The single character (SC) speller randomly flashes one character at a time with a brief delay between flashes (Figure 2B). The SC speller has a longer delay between flashes than the RC and character classification can be made with fewer flashes per character. With a 60 ms flash and 40 ms between flashes, 54 s are needed to flash each character 15 times if a 36 character matrix is used. In contrast with a 100 ms flash and 60 ms between flashes, the RC requires only 28.8 s to present 30 flashes of each character. Accordingly the RC flasher is about two times faster than the SC flasher. However, the SC speller (15 flashes) results in larger P300 amplitudes compared to the RC speller with 15 flashes per column and row (Guger et al., 2009). Guger et al. (Guger et al., 2009) compared the SC and RC speller in a study where five characters were spelled. RC subjects reached a mean accuracy of 85.3% and SC subjects reached 77.9% (N = 19).

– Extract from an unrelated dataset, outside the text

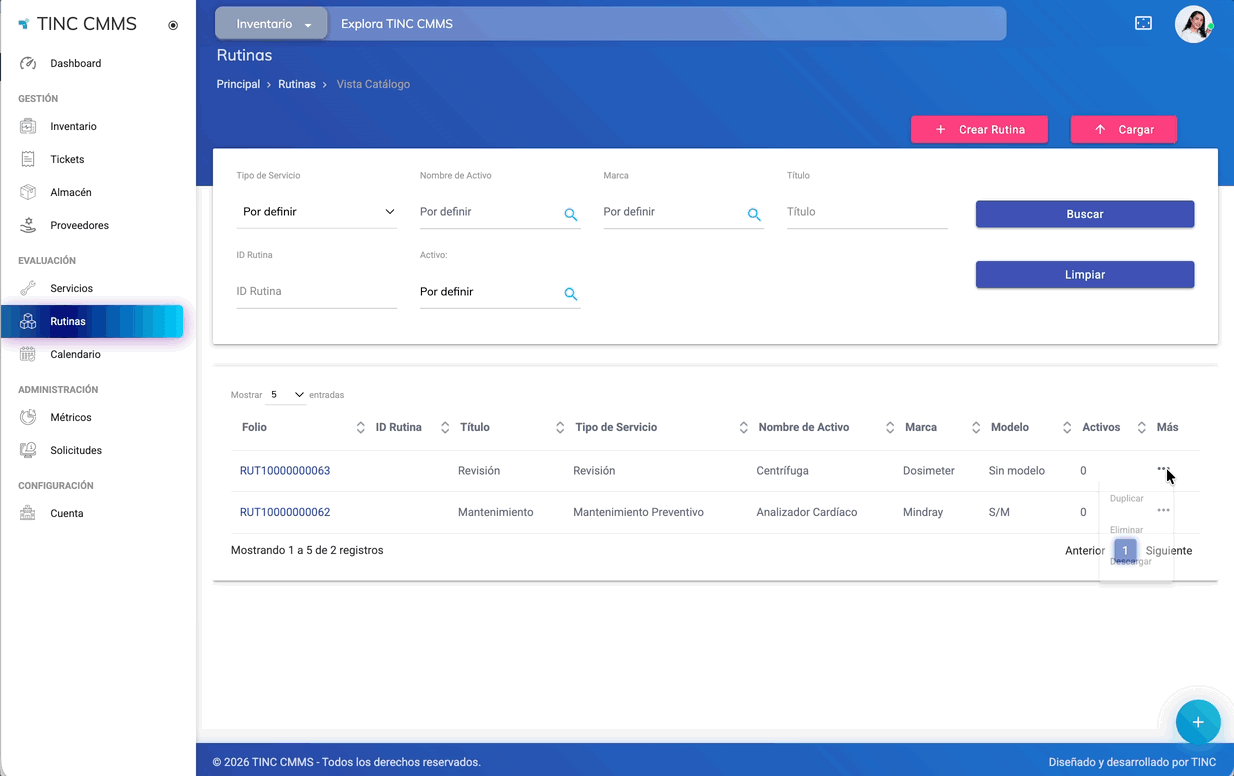 El módulo de Rutinas permite gestionar plantillas estandarizadas de mantenimiento o servicio. Además de crearlas, los usuarios pueden duplicar o eliminar rutinas según sea necesario para su operación.

The checkerboard (CB) paradigm was designed to overcome two specific problems with the standard RC presentation method. One, the CB eliminates instances when the same character flashes twice in succession (also called a double target item flash). Two, the CB paradigm reduces the amount of distraction and/or inherent noise (i.e., non-target items receiving apparent target responses) to the RC paradigm. Townsend et al. (Townsend et al., 2010) showed that the CB produced significant improvements in accuracy, as compared to the RC paradigm. The CB paradigm disassociates the rows and columns of the matrix, thereby eliminating double flashes and significantly reducing distraction (Townsend et al., 2010). The original CB paradigm presented stimuli in an 8 × 9 matrix as shown in Figures 2C and D. A virtual CB is superimposed onto the 72 items contained in the matrix (not seen by viewers). Items in “white” squares randomly populate one 6 × 6 matrix and items in “black” squares randomly populate a second 6 × 6 matrix. Simultaneous adjacent flashes are prohibited by the segregation of adjacent items into separate flash groups, whereas the presentation of the 8 × 9 matrix appears to flash at random. Once the randomly populated virtual rows and columns are filled, the characters flash in sequential order: first, the rows of the white matrix; second, the rows of the black matrix; third, the columns of the white matrix; fourth, the columns of the black matrix are flashed. Thus, the paradigm places a minimum of six-six item group flashes or a maximum of 18-six items group flashes between the flashes of any given matrix item. After all rows and columns in both matrices have been flashed (24 flashes, comprising one complete sequence), the positions of the characters in each virtual matrix are re-randomized and the next sequence of flashes begins.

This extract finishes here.